— Work order —
Reproduce the listing exactly. Omit pictures.

(The data)

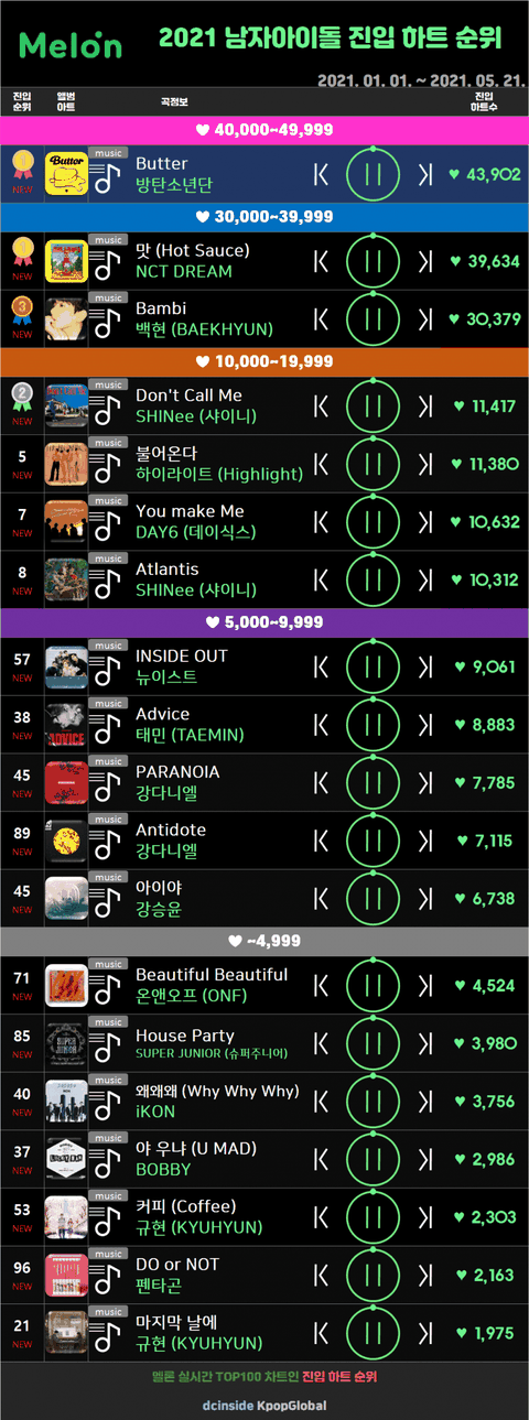 2021 진입순위 하트수라는데 방탄....
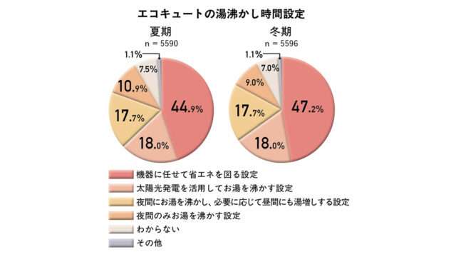 自家消費に大きく関わる沸き上げ時間の設定をみると、最も多いのは「機器に任せて省エネを図る設定」。夏・冬のいずれも4割を超えている。太陽光発電の自家消費を意識した設定は17.7%で、運転方法が自家消費に最適化されていないケースも一定数ある可能性が考えられる。
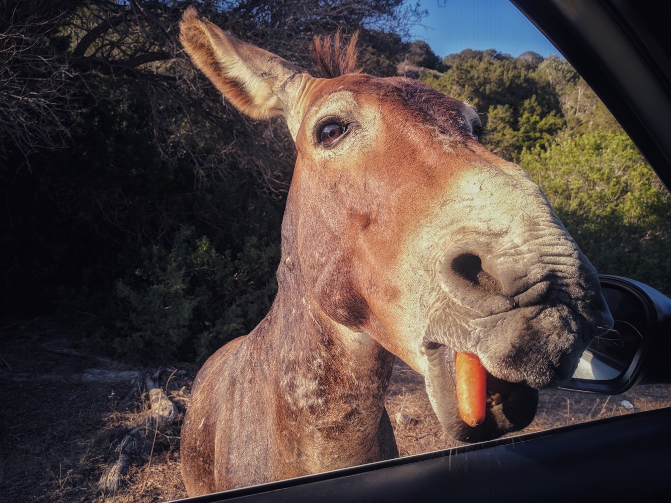 Сюда надо ехать с морковкой. Парой килограмм. Здесь дикие ослы, которые стоят посереди дороги. Ослиный гоп-стоп. Показываешь из окна морковку - он идет к окну - дорога свободна. Пока осел жует - можно проезжать:
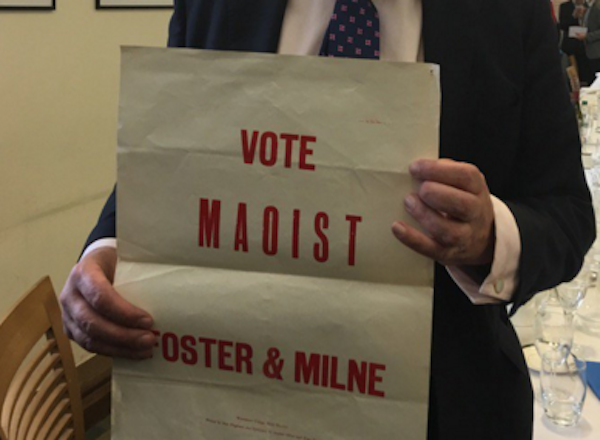 Today’s lobby lunch was the cause of much amusement among hacks. John Whittingdale used his speech to cast a light on Labour spinner Seumas Milne’s school days. The Culture Secretary recounted his time at Winchester College with Milne. He said that during this time, Milne co-authored a manifesto supporting Chinese communist dictator Chairman Mao. What’s more he even posed for a photo with the election poster in question:

(End The data)

— Answer box —
 2021 진입순위 하트수라는데 방탄....
 自家消費に大きく関わる沸き上げ時間の設定をみると、最も多いのは「機器に任せて省エネを図る設定」。夏・冬のいずれも4割を超えている。太陽光発電の自家消費を意識した設定は17.7%で、運転方法が自家消費に最適化されていないケースも一定数ある可能性が考えられる。
 Сюда надо ехать с морковкой. Парой килограмм. Здесь дикие ослы, которые стоят посереди дороги. Ослиный гоп-стоп. Показываешь из окна морковку - он идет к окну - дорога свободна. Пока осел жует - можно проезжать:
 Today’s lobby lunch was the cause of much amusement among hacks. John Whittingdale used his speech to cast a light on Labour spinner Seumas Milne’s school days. The Culture Secretary recounted his time at Winchester College with Milne. He said that during this time, Milne co-authored a manifesto supporting Chinese communist dictator Chairman Mao. What’s more he even posed for a photo with the election poster in question:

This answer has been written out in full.